WI: Agricultural Revolution in the 1920s

Norman Borlaug started the "Green Revolution" by developing wheat strains that multiplied crop yields with the help of modern chemical fertilizers. What if the breakthrough is achieved earlier? What does that mean for German Lebensraum and Japanese expansionism?
 
I do not know whether the 'Green Revolution' could have taken place earlier. But if it had, it probably would not have prevented Nazism IMHO. Germany's economic problems in the late Twenties and early Thirties were complex and had a lot to do with the breakdown of world trade that followed the 'beggar your neighbor' policies of increasing trade barriers. It had a lot to do with factories being shut down and not producing any more wealth.

The Nazis' 'explanation' for the crisis, however - blaming the Jews - had nothing to do with any reduction in trade or production. It was not based on the idea that less wealth was being produced in an economic crisis, but on the idea that 'the Jews' were 'stealing' Germany's wealth. The way the Nazis saw it, the way to Germany's future wealth also consisted in taking away wealth from someone else (by conquering Lebensraum in the East) rather than increasing production or trade.

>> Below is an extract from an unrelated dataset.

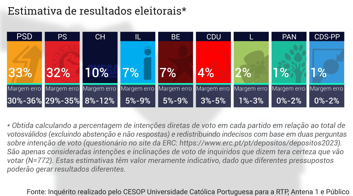 Este inquérito foi realizado pelo CESOP – Universidade Católica Portuguesa para a RTP, Antena1 e Público entre os dias 6 e 15 de julho de 2023. O universo alvo é composto pelos eleitores residentes em Portugal. Os inquiridos foram selecionados aleatoriamente a partir duma lista de números de telemóvel, também ela gerada de forma aleatória. Todas as entrevistas foram efetuadas por telefone (CATI). Os inquiridos foram informados do objetivo do estudo e demonstraram vontade de participar. Foram obtidos 1006 inquéritos válidos, sendo 45% dos inquiridos mulheres. Distribuição geográfica: 32% da região Norte, 20% do Centro, 34% da A.M. de Lisboa, 7% do Alentejo, 4% do Algarve, 2% da Madeira e 2% dos Açores. Todos os resultados obtidos foram depois ponderados de acordo com a distribuição da população por sexo, escalões etários e região com base no recenseamento eleitoral. A taxa de resposta foi de 29%. A margem de erro máximo associado a uma amostra aleatória de 1006 inquiridos é de 3,1%, com um nível de confiança de 95% (Algumas perguntas foram colocadas apenas a uma subamostra de 656 entrevistados. Nestes casos, a margem de erro máxima é de 3,8%).

So both the 'analysis' of Germany's problems in the Twenties and Thirties and the 'solution' for the future was based on zero-sum thinking, which in this context I take to mean the idea that there is a fixed, given amount of goods, and the wealth of one individual or nation can only be achieved by taking away goods from other individuals or nations.

This zero-sum way of thinking is of course very mistaken, many nations have increased their wealth many times over, without taking anything away from others. But at the same time it is very pervasive, because it does not take a particularly great amount of intelligence to think "If the other guy's share of the cake is getting bigger, mine must neccessarily get smaller."

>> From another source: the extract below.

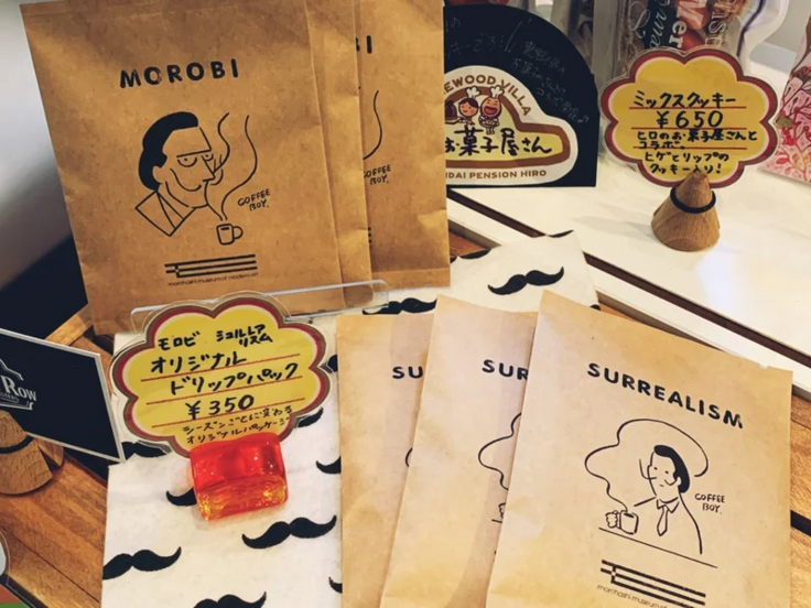「Rotten Row Coffee Roasters」さんのコーヒーは当館カフェでもご提供させていただいており、2種類の自家焙煎の美術館オリジナルブレンド「モロビ」「シュルレアリスム」はどちらも人気のメニューです。

A much earlier 'Green Revolution' could not have prevented the "Black Friday" crash or the collapse of world trade through the heightening of trade barriers. In OTL there were many German farmers who went bankrupt due to falling grain prices, and although the 'Green Revolution' is a good thing, this one problem is rather more likely to be aggravated than solved by it. Of course conquering Lebensraum in the East is totally superfluous for feeding Germany under these circumstances, but it was already superfluous in OTL. Nevertheless even in this timeline the Nazis might come to power, because their world view strongly appeals to zero-sum thinking, which is mistaken, but pervasive.
 
Well, in one sense, a Green Revolution of sorts DID begin in the 1920's or 30's. A guy out in Iowa named Henry Agard Wallace was doing experiments with corn hybridization and being pretty successful. He helped start a company named Pioneer Hi-Bred which would earn his family quite a bit of money, eventually.
I'm not sure if anyone in foreign countries would be following the developments, but it would be published in Wallaces' Farmer, the family magazine (founded by "Uncle Henry" Wallace, then edited by his son, Agriculture Secretary Henry Cantwell Wallace (Harding and Coolidge's Agriculture Secretary), and finally edited by Henry A. Wallace before he went on to bigger and better things as FDR's Agricultural Secretary, VP and Commerce Secretary). It did take a while for hybrid corn to become widely used.
Of course, Henry Wallace would have most definitely been opposed to the Germans and Japanese for political reasons...
 
You also have to rember that most farms in the 1920 -1930's were still useing horses to plow with .
 
This zero-sum way of thinking is of course very mistaken, many nations have increased their wealth many times over, without taking anything away from others. But at the same time it is very pervasive, because it does not take a particularly great amount of intelligence to think "If the other guy's share of the cake is getting bigger, mine must neccessarily get smaller."
It's also somewhat true for certain stretches of time. That's why we divide periods by ages or revolutions. They mark the times the size of the pie grew massively. It does something of that between times though, but a combination of wealth going primarily to the wealthy (for the vast majority the pie does not grow since the rich horde after a certain amount) and greater population growth compared to the pie size. Thus the saying that the US needs to add 100,000 jobs a month. Anything less than that and more people are entering the workforce than the pie can support so the pie is in a way, shrinking.